I am trying to read a buffered stream of signed 16 bit integers (wav format), but the bufio.Read method only accepts an array of bytes. My question is a 2-parter:

1. Can I preformat the byte stream into a buffered int16 array?

2. If I can't, whats the best way of post-processing the byte array into int16 array?
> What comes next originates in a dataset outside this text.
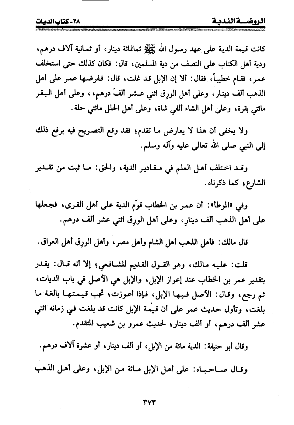 كانت قيمة الدية على عهد رسول الله صلى الله عليه وسلم ثمانمائة دينار، أو ثمانية آلاف درهم، ودية أهل الكتاب على النصف من دية المسلمين، قال: فكان كذلك حتى استخلف عمر، فقام خطيبا، فقال: ألا إن الإبل قد غلت، قال: ففرضها عمر على أهل الذهب ألف دينار، وعلى أهل الورق اثني عشر ألف درهم، وعلى أهل البقر مائتي بقرة، وعلى أهل الشاء ألفي شاة، وعلى أهل الحلل مائتي حلة.

My initial thought is to use tmp arrays and keep pushing/processing them, but I was curious if there was a more idiomatic way of doing this?

   package main
   
   import (
        "bufio"
        "io"
        "log"
        "os/exec"
   )
   
   func main() {
   
       app := "someapp"
   
       cmd := exec.Command(app)
       stdout, err := cmd.StdoutPipe()
       r := bufio.NewReader(stdout)
       if err != nil {
           log.Fatal(err)
       }
       if err := cmd.Start(); err != nil {
           log.Fatal(err)
       }
   
       //"someapp" outputs signed 16bit integers (little endian))
       buf := make([]byte, 0, 4*1024)
   
       for {
           n, err := r.Read(buf[:cap(buf)])    //r.Read only accepts type []byte
           buf = buf[:n]
           if n == 0 {
               if err == nil {
                   continue
               }
               if err == io.EOF {
                   break
               }
               log.Fatal(err)
           }
   
           log.Printf("%x\n", buf)
           //process buf here
   
           if err != nil && err != io.EOF {
               log.Fatal(err)
           }
       }
   }
   

When working with IO, you always work with []bytes, there's no way to substitute that with []int16, or pre-format that as int16s, it's always a stream of bytes.
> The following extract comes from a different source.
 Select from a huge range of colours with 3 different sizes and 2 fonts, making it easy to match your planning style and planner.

You can look at the encoding/binary package to decode this stream.

// to get the first uint16 as i
i := binary.LittleEndian.Uint16(buf[:2])

You can then iterate through the buf as needed.
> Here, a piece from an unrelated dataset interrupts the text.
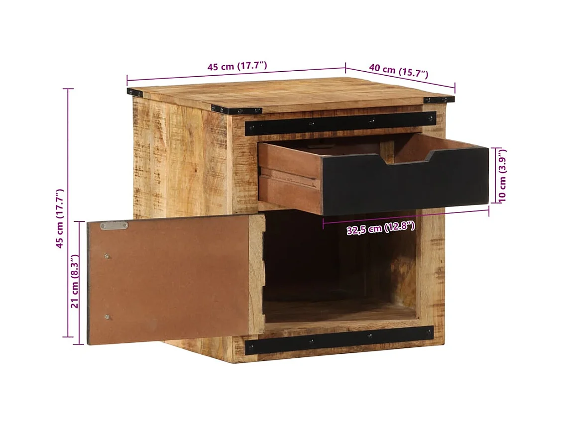 Chevet 1 tiroir et 1 niche bois massif de mindi Kretos 60cm

You can also use binary.Read to read directly from the io.Reader.

var i uint16
for {
    err := binary.Read(r, binary.LittleEndian, &i)
    if err != nil {
        log.Println(err)
        break
    }
    fmt.Println(i)
}

It may worth noting the simplicity of what needs to be done. Each uint16 is created via:

func (littleEndian) Uint16(b []byte) uint16 {
    return uint16(b[0]) | uint16(b[1])<<8
}

You can use encoding/binary.Read to fill an []int16 directly from your reader, although technically the answer to your first question is still no (check the source of binary.Read, it reads the data to a []byte first).